In a Massachusetts factory town after the Great War, Stella Martin (Stanwyck) is eager to win the heart of the handsome and capable Stephen Dallas (John Boles). Now working in mid-management at the factory, Stephen comes from a once rich family, and lost his father to suicide and his bride-to-be Helen to another man. Stella eventually wins Stephen's heart; they get married and a year later daughter Laurel is born.

Stella is eager to be seen as a sophisticated society woman, but her behaviour is over-eager and more awkward than elegant. Stephen pleads with her to calm down and be herself, but she makes friends with the boorish Ed Munn (Alan Hale), further alienating Stephen who moves to New York to further his career. Left alone Stella dedicates her life to Laurel, who grows into a well-behaved young lady (Anne Shirley), devoted to her mother but still on good terms with her distant father. Stephen has meanwhile reconnected with Helen (Barbara O'Neil), now a widow with three boys of her own. With Stella struggling to remain relevant in Laurel's life, the fractured family reaches a crossroads.

Directed by King Vidor and based on the book by Olive Higgins Prouty, Stella Dallas is an always engaging drama about a woman who reached for the stars of the good life but found her grasp exceeding her abilities to cope. Stella's basic social talent gives her a taste of a life that she could have enjoyed, but her fundamental lack of sophistication forces her to stumble, fall and ultimately reevaluate what is most important to her. This is not a film about happiness or sadness, just life, unintended consequences and the challenging decisions that must be confronted under less than ideal conditions.

The mother-daughter relationship is at the core of the film, and Laurel becomes the one anchor in Stella's life. Stella strives to give her daughter the best possible opportunities in life, and in return, Laurel gives her mother a reason to persevere. Rarely has a film so beautifully captured the complex and difficult bond of inter-dependence between mother and daughter.

Vidor keeps the film moving at a brisk pace, the progression of the familial relationships summarized through key scenes that demonstrate, rather than talk about, the evolution of connections between Stella, Stephen, Ed, Laurel and Helen. The film's editing and pacing are years ahead of their time, Vidor producing a masterclass of vignettes that say a thousand words without dialogue.

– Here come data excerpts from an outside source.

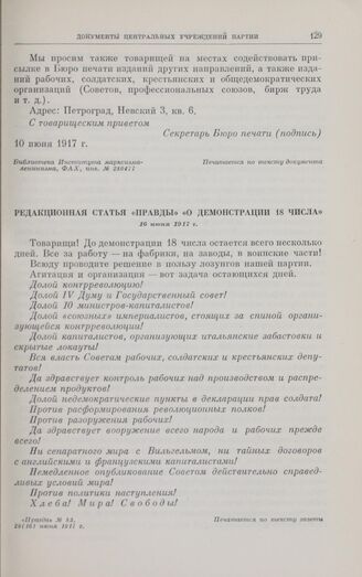 Редакционная статья «Правды» «о демонстрации 18 числа». 16 июня 1917 г. // «Правда» № 83, 29(16) июня 1917 г.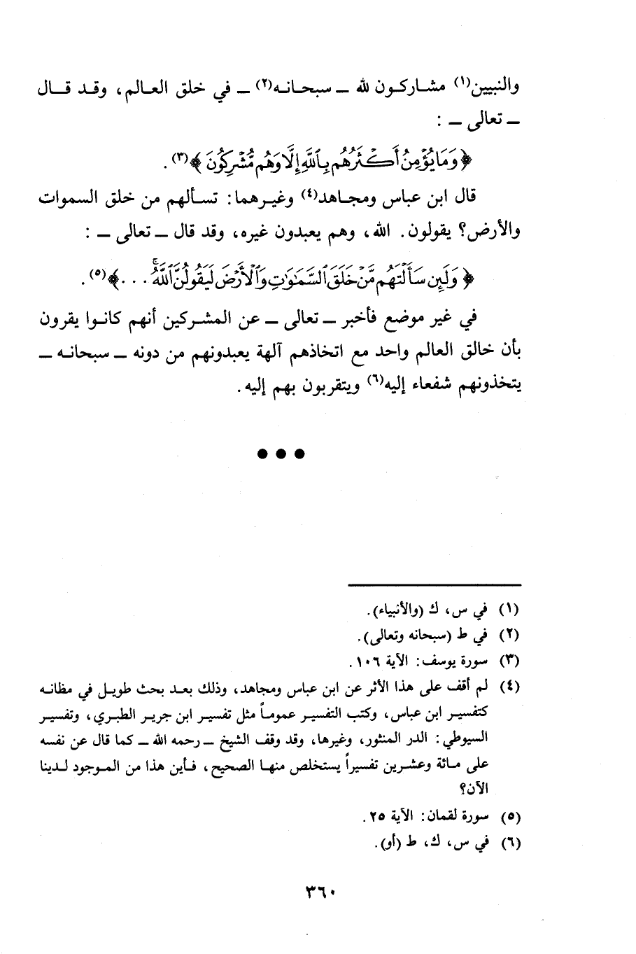 وَالنَّبِيِّينَ مُشَارِكُونَ لِلَّهِ سُبْحَانَهُ فِي خَلْقِ الْعَالَمِ، وَقَدْ قَالَ تَعَالَى: {وَمَا يُؤْمِنُ أَكْثَرُهُمْ بِاللَّهِ إِلَّا وَهُمْ مُشْرِكُونَ} [يوسف: 106] .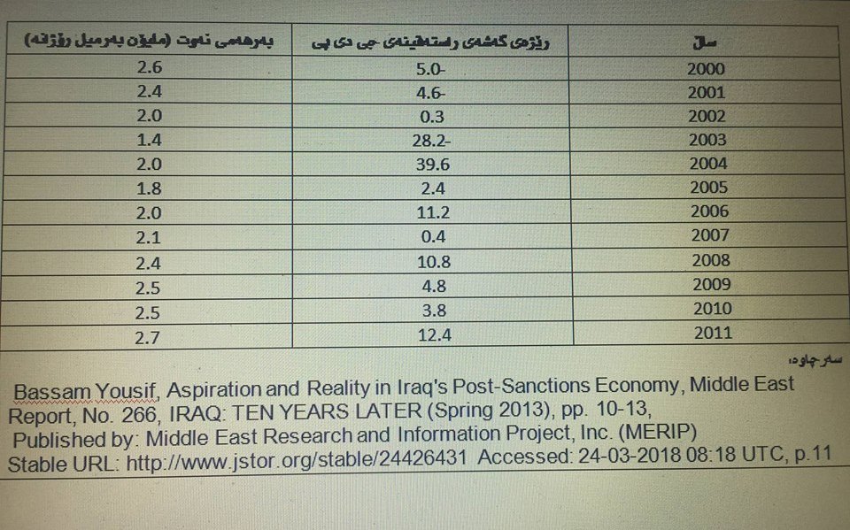 لە چیرۆكە سواوەكەوە دەستپێدەكەمەوە: ئابوریی نەوتیی. سەیری خشتەكە بكە، دەبینیت بەرهەمی نەوت لە عێراقدا لە نێوان 2003-2011 گەشەكردنێكی ئەوتۆی بەخۆوە نەبینیوە. بەو هەمو هەوڵەوە، تازە بە تازە لە 2009 و 2010 توانیویەتی بگەڕێتەوە بۆ ئاستی بەر لە جەنگ. بەڵام لە نێوان 2006 بۆ 2011، داهاتی نەوت لە 40 ملیارد بۆ 86 ملیارد بەرزبۆتەوە. هۆی ئەم زیادبونە نرخ بوو. نرخی نەوتی بەسرە لە 23 دۆلار لە ساڵی 2000 بەرزبوەوە بۆ 106 دۆلار لە 2011. ئەم بەرزبونەوەیە هیچ ئازایەتییەكی بڕیاربەدەستان و كاندیدەكانی كورد و عەرەبی لە عێراقدا تێدانەبوە.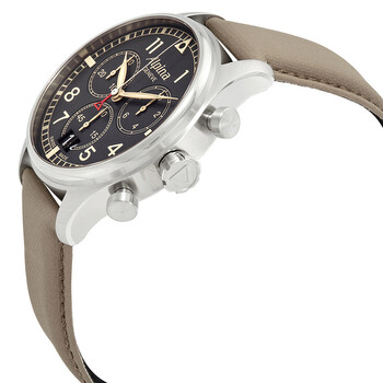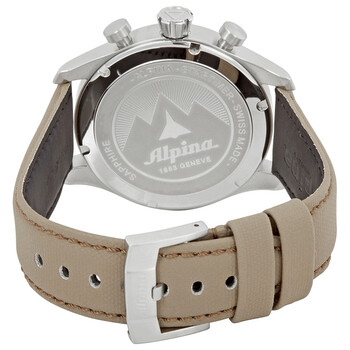 Stainless steel case with a sand cordura fabric strap. Fixed stainless steel bezel. Camouflage grey dial with gold-tone hands and index and Arabic numeral hour markers. The Alpina logo marks the 12 o'clock position. Minute markers around the outer rim. Dial Type: Analog. Luminescent hands and markers. Date display at the 6 o'clock position. Chronograph - three sub-dials displaying: 60 second, 30 minute and 1/10th of a second. Alpina calibre AL-372 quartz movement. Scratch resistant sapphire crystal. Solid case back. Round case shape. Case size: 44 mm. Case thickness: 12 mm. Band width: 22 mm / 20 mm. Band length: 8 inches. Tang clasp. Water resistant at 100 meters / 330 feet. Functions: chronograph, date, hour, minute, second. Startimer Pilot Series. Pilot watch style. Watch label: Swiss Made. Item Variations: AL 372BGR4S6, AL.372BGR4S6, AL372BGR4S6. Alpina Startimer Pilot Chronograph Grey Dial Men's Watch AL-372BGR4S6.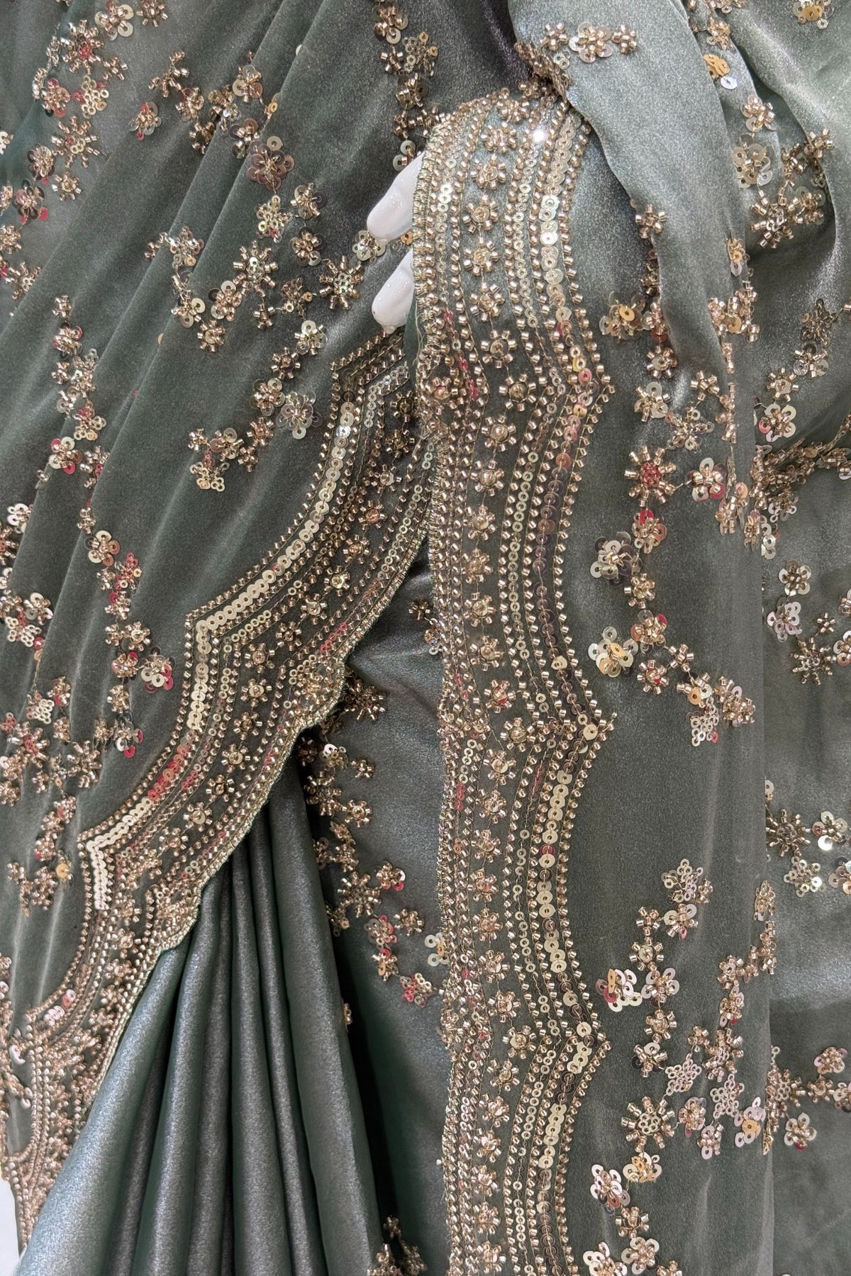Sea Green Beads, Zari and Sequins work Saree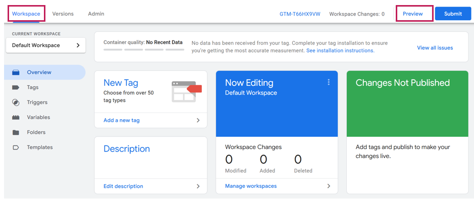 | Step 3 | ・After completing the above settings, events will start firing. ・Next, verify that the configured events are firing while checking the screen. ・Click [Workspace]. ・Once the "Workspace" screen is open, click the [Preview] button. |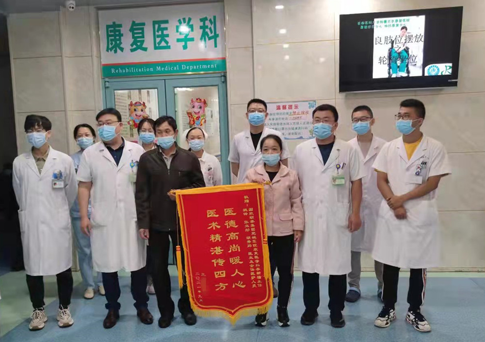 该患者是尺神经损伤的患者,转入康复科后在科主任和治疗师长的指导下对该患者做了系统的康复评估,制定了详细的治疗方案,经过医护康三方面的康复理疗后,患者各方面恢复情况良好,自理能力有了明显的改善。该患者及家属对于自身恢复情况较为满意,特为康复医学科赠送锦旗一面以表达感谢之情。

Ed clumsily snuffing out a cigar in young Laurel's bowl is shown but never mentioned; it represents a breaking point for Stephen. Stella's fashion disaster at the tennis club is never discussed by anyone except as gossip between unnamed strangers. Yet it is the moment of truth for both Stella and Laurel, the physical manifestation of Stella reaching the limits of her usefulness as a mother to the blossoming Laurel.

Barbara Stanwyck delivers the performance of her life as Stella Dallas, starting as a young flirty thing eager to land a prize husband, and ending as a mother willing to sacrifice the world for her daughter's happiness. It is to Stanwyck's enormous credit that she nails complex emotions without once resorting to over-the-top emotional outbursts or excessive melodrama. Indeed, Stanwyck scales the peaks of intensity by pulling back, delivering with silence and deft expressions mountains of feeling.

The many remarkable highlights include Stella lying awake in her train bunk bed, overhearing gossip, unable to do anything except quietly grieve for the embarrassment caused to her daughter. And the final scene, with Stella alone and silent, this time behind the fence, outside the window and in the rain witnessing her life carrying on without her, is devastating in its combination of outright relief and unimaginable pain on Stella's face.

This was the first of four Best Actress Academy Award nominations in eleven years for Stanwyck. She never won, but it is doubtful that she ever came closer to receiving the Oscar.

The supporting cast is solid, with Anne Shirley catching the eye as the grown up Laurel, a young woman caught between a deep love for her imperfect mother and the twinkling promises that only start to become available once Stella is sidelined.

Stella Dallas is an exceptional achievement, a film about people with emotions real and pure, ensuring enduring relevance.